If they occur in the inner margins as well as the outer margins, the leaves
must have been ruled while the gatherings were folded into pages. Occasionally
one notices (especially if alerted to look out for it) that every eight
or ten lines or so one hole will be crooked or unduly widely spaced. If
this is consistent in several gatherings, it is a good clue that the prickings
had been made with some kind of wheel, like a tiny garden roller with spikes,
and that one spike had somehow become knocked out of alignment and thus
the defect recurred at regular intervals as the wheel went round. There
is sometimes evidence too in the later Middle Ages that the multiple lines
for the text were ruled with several pens
tied together, like the rostrum or rake used for making musical staves.
If for any reason these pens were knocked or quivered slightly as they
were drawn across the page, the quaver is reflected at exactly the same
point in several lines simultaneously. This is another clue worth looking
out for in a page of manuscript.
A final artificial device, used
only in the fifteenth century (as far as can be traced) and mostly in north-eastern
Italy, is the ruling frame. This is a familiar feature of Oriental and
Hebrew book production. Holes are drilled in a wooden board and wires are
ingeniously threaded through, emerging in a criss-cross pattern exactly
like that of the framework to be transferred onto the page. Then all that
is needed is to place the blank sheet over the board and rub it with the
fist, and the lines will be impressed identically onto the sheet. Once
more, as with other ruling devices, it is not necessarily easy to tell
when confronting a manuscript if a ruling board has been used. But imagine
how the wires must bisect each other on the board when they cross at right
angles.

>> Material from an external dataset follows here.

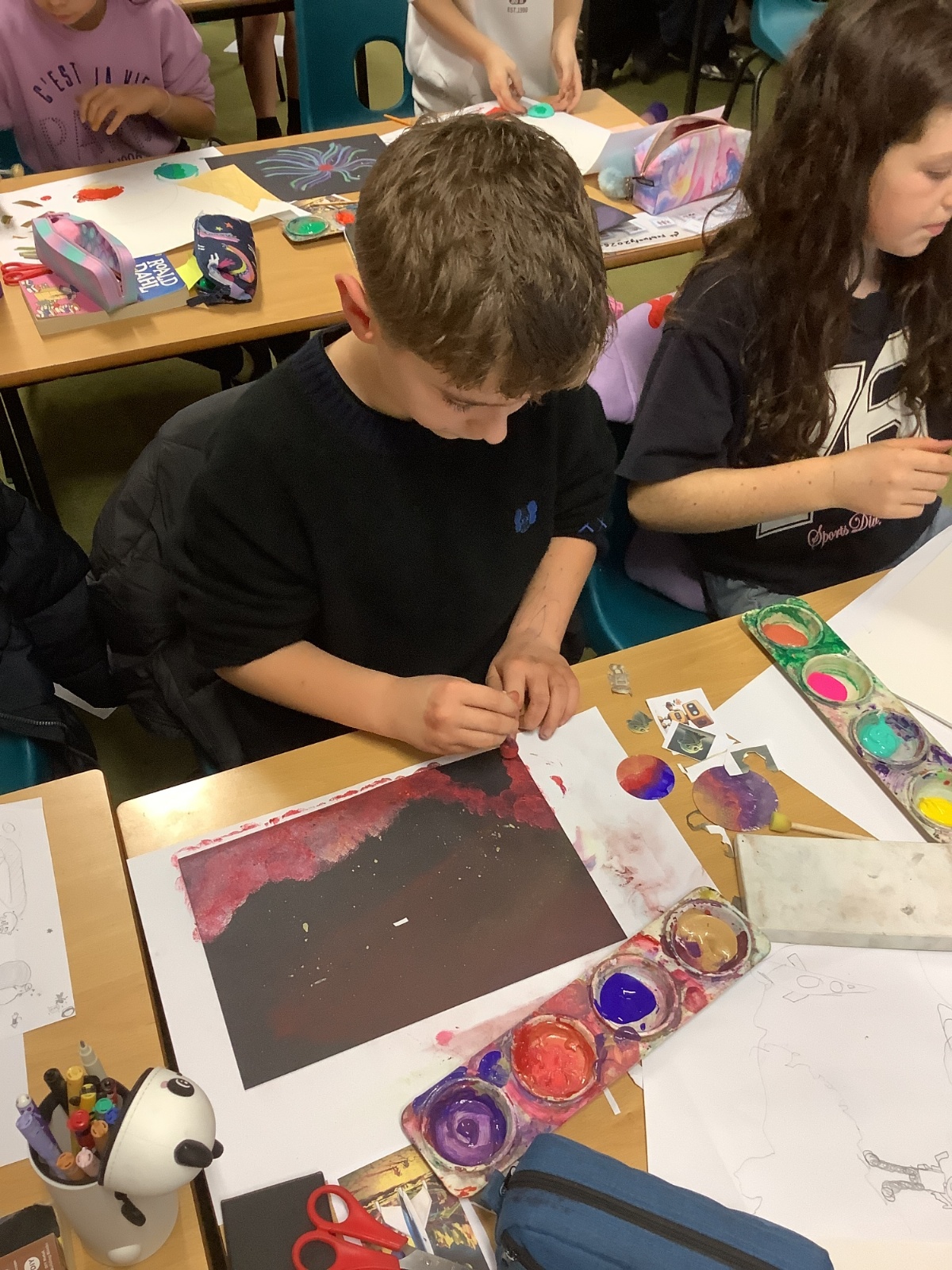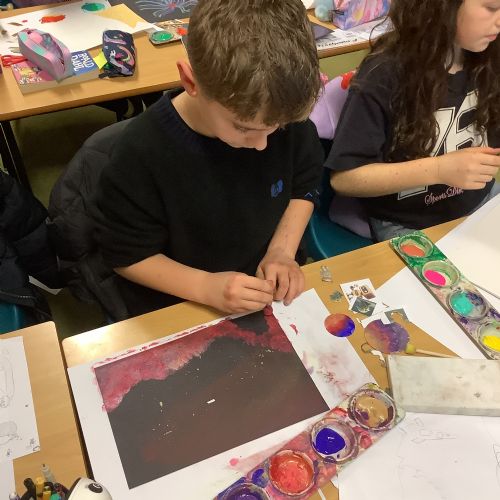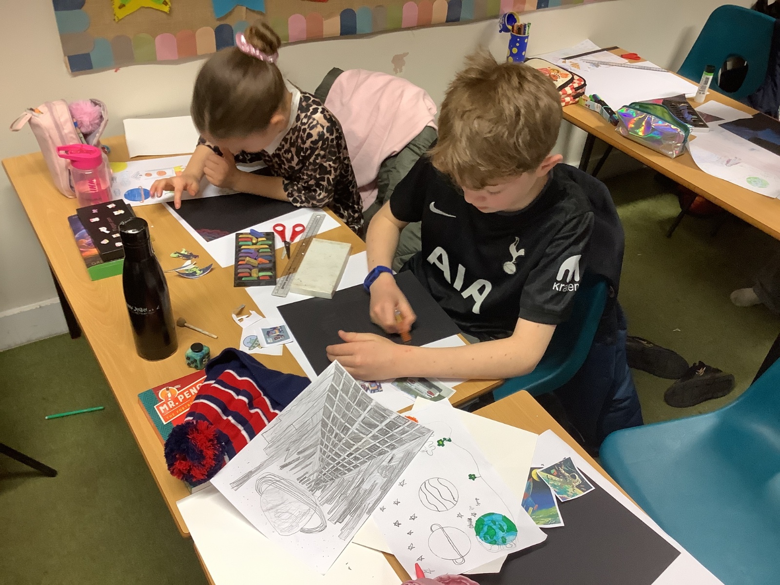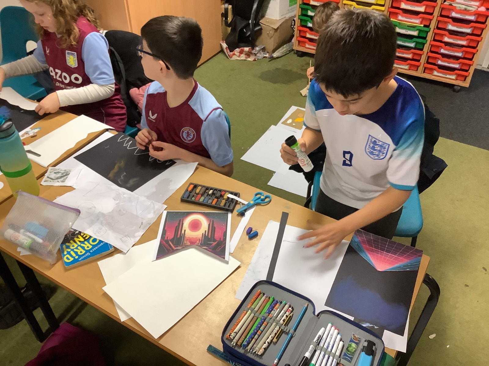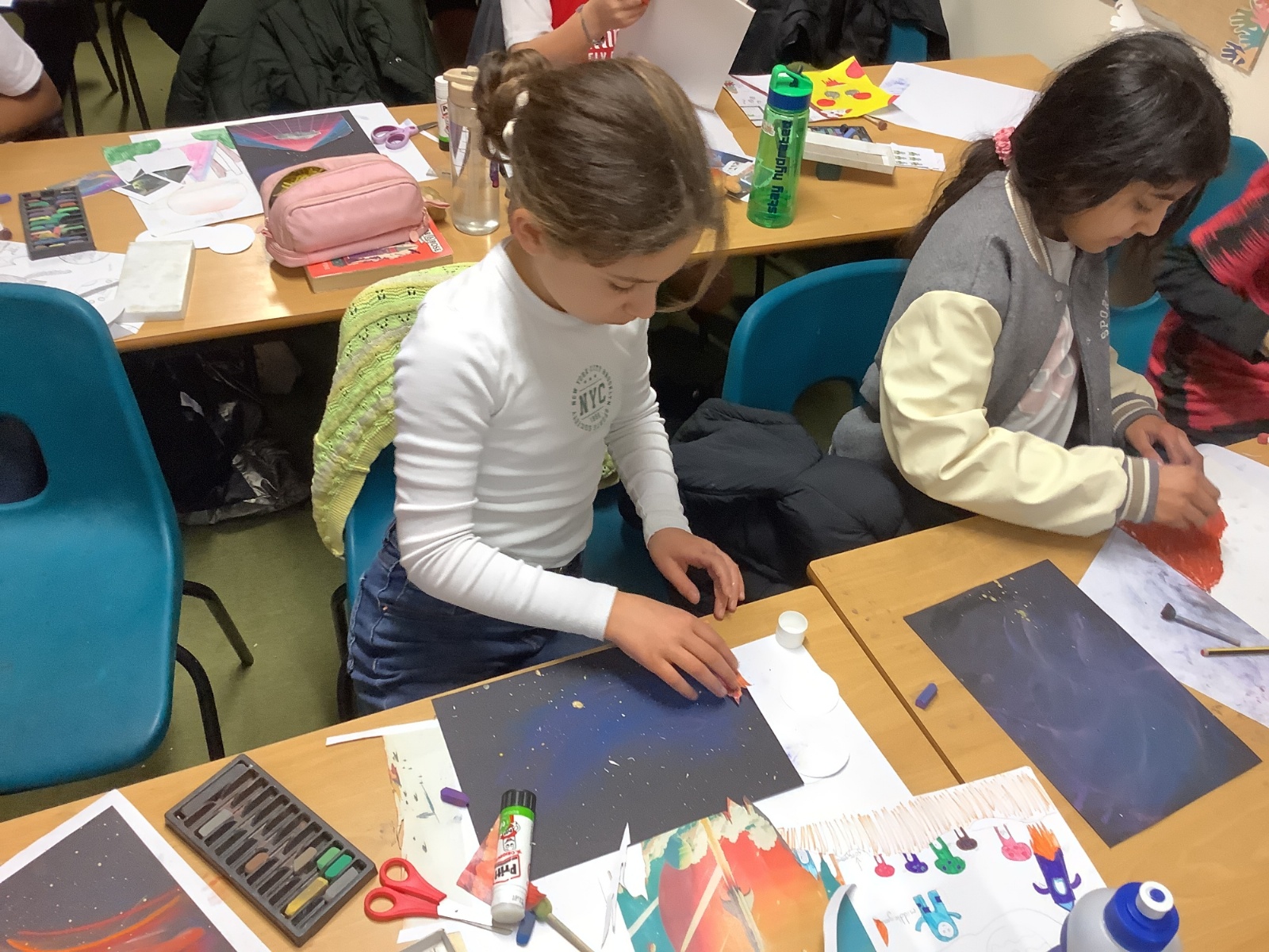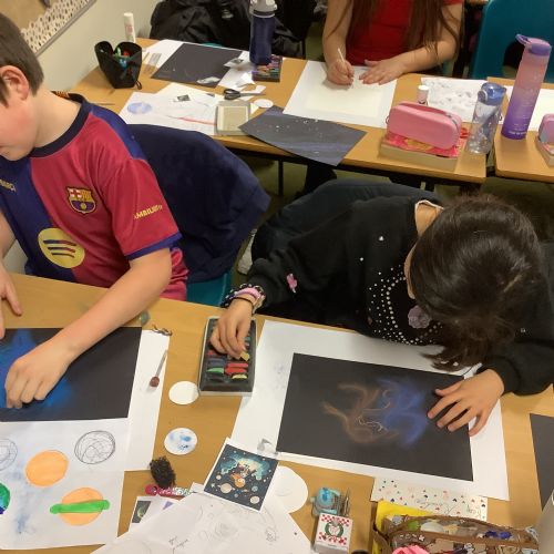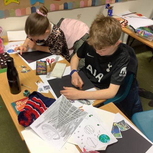 During Art, the children explored shape and completed their final retrofuturism collage pieces. Using a mix of soft chalk pastels, oil pastels, acrylic paint, and collage images, they carefully combined different media to create unique and striking artworks. The final pieces were imaginative, thoughtful, and full of personality.

One must be threaded under the other or pushed right through the
wood and out again on the other side of the wire it crosses. One can see
this in the manuscript, as no line actually crosses another; the lines
stop fractionally short and pick up again a millimetre on the other side
of the crossing. When a line is ruled with a stylus, it simply ploughs
straight across, one way and the other. In the early Middle Ages, scribes
doubtlessly prepared many of the stages of the parchment
themselves. The cottage-industry of the monastic community left little
scope for teams of professional collaborators. Even the parchment was doubtless
a by-product of the monastery's kitchens, and paper
was unknown. But certainly by the fourteenth century it seems to have been
possible to purchase gatheringsof parchment ready prepared for writing.
Ruling continues under miniatures, and there is ruling on blank flyleaves.
For many scribes, the task of writing a manuscript must have begun with
neat stacks of paper or parchment gatherings, ready folded and ruled.